== TASK TO CARRY OUT ==
Reproduce word for word the line holding "Завтрак со скремблом, хумусом, микс" and all lines after it in the data, through the end, leaving out pictures.

----- DATA -----

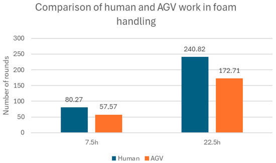To complete the evaluation, we performed an analysis of how many processes or circulations would be performed by the applied AGVs compared to a human. The individual comparisons are shown in the Figure 13 below.
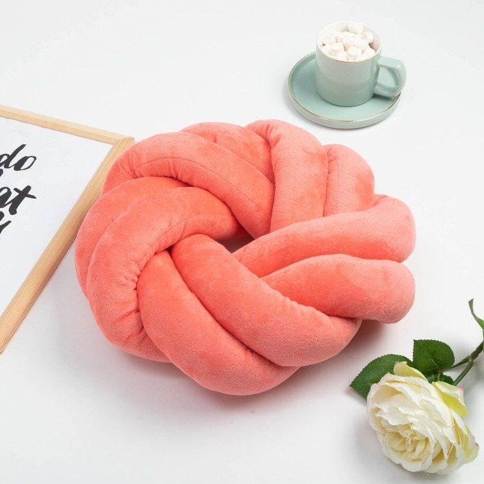 Подушка-узел декоративная Этель, d=33см, цв. коралловый, велюр
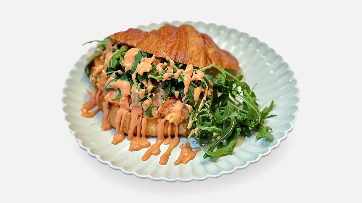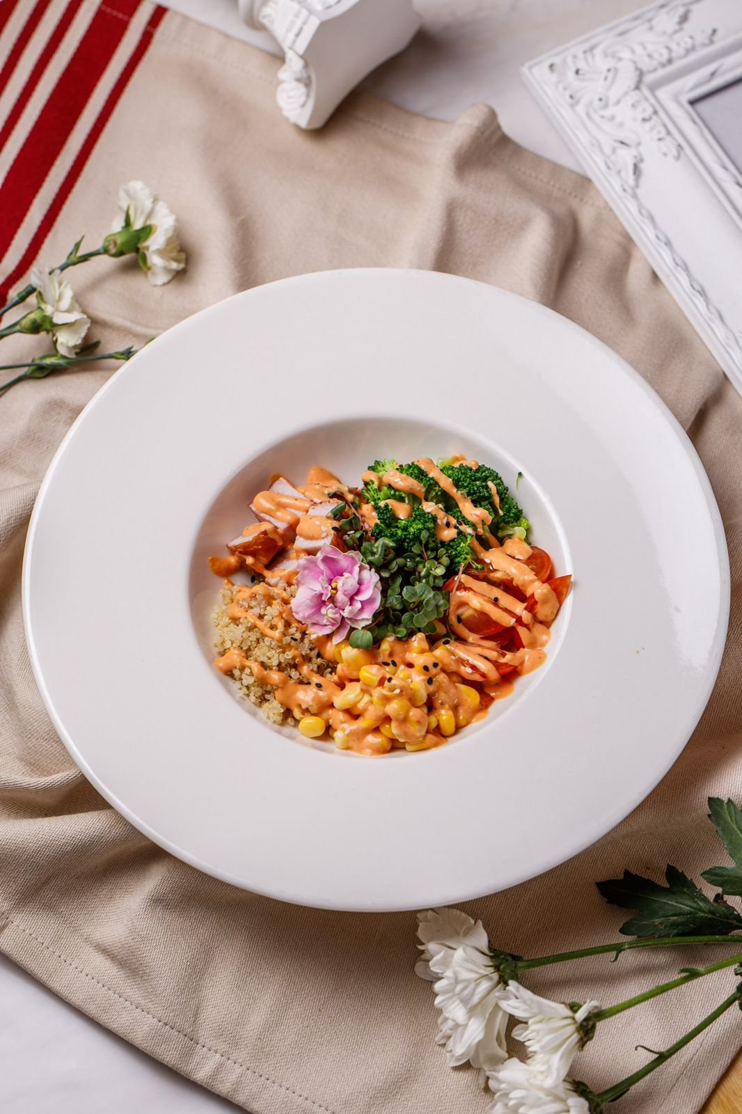 Завтрак со скремблом, хумусом, микс салатом и тартином с индейкой копченой
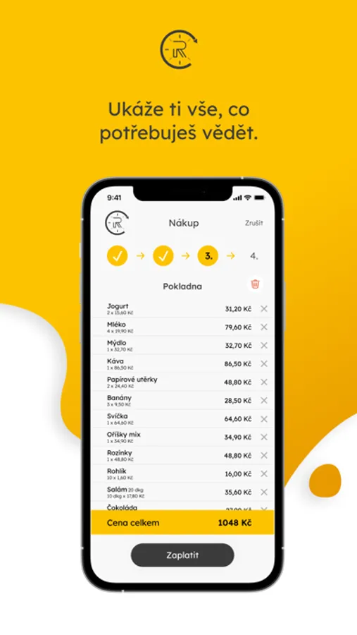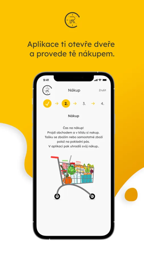 Aplikace pro nakupování v bezobslužných prodejnách Round The Clock. Pomocí aplikace vstoupíte do obchodu, nakoupíte a zaplatíte.
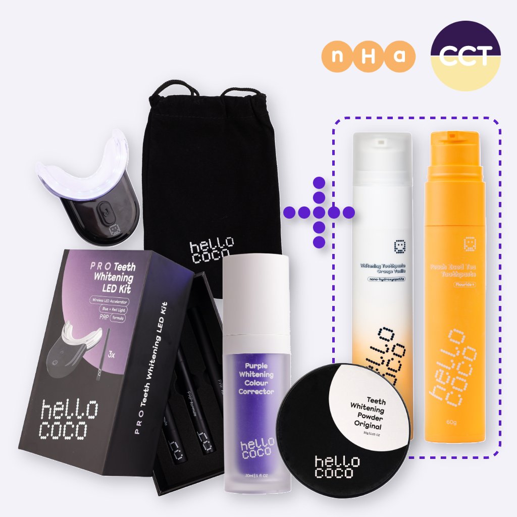 Professzionális LED-es fogfehérítő készlet + ajándék NHA Orange & vanilla és Őszibarackos teás fogkrém
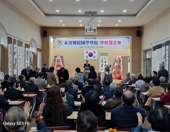 [뉴스다컴] 영천향교 국학학원(원장 이덕기)은 지난 23일 본원 3층 대강당에서 관내 단체장과 수강생 등 200여 명이 참석한 가운데 ‘2025년 정기 학예발표회’를 성황리에 개최했다.
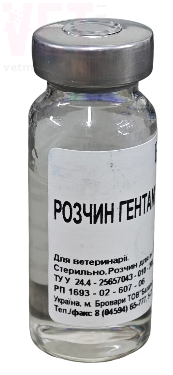 Применение: Лечение крупного рогатого скота, лошадей, овец, коз, свиней, собак и кошек, больных септицемией, артрит, дерматит, а также при заболеваниях пищеварительного тракта, органов дыхания, мочеполовой системы и кожи, вызванных микроорганизмами, чувствительными к гентамицину.

-----

== SOLUTION TO THE PROBLEM ==
 Завтрак со скремблом, хумусом, микс салатом и тартином с индейкой копченой
 Aplikace pro nakupování v bezobslužných prodejnách Round The Clock. Pomocí aplikace vstoupíte do obchodu, nakoupíte a zaplatíte.
 Professzionális LED-es fogfehérítő készlet + ajándék NHA Orange & vanilla és Őszibarackos teás fogkrém
 [뉴스다컴] 영천향교 국학학원(원장 이덕기)은 지난 23일 본원 3층 대강당에서 관내 단체장과 수강생 등 200여 명이 참석한 가운데 ‘2025년 정기 학예발표회’를 성황리에 개최했다.
 Применение: Лечение крупного рогатого скота, лошадей, овец, коз, свиней, собак и кошек, больных септицемией, артрит, дерматит, а также при заболеваниях пищеварительного тракта, органов дыхания, мочеполовой системы и кожи, вызванных микроорганизмами, чувствительными к гентамицину.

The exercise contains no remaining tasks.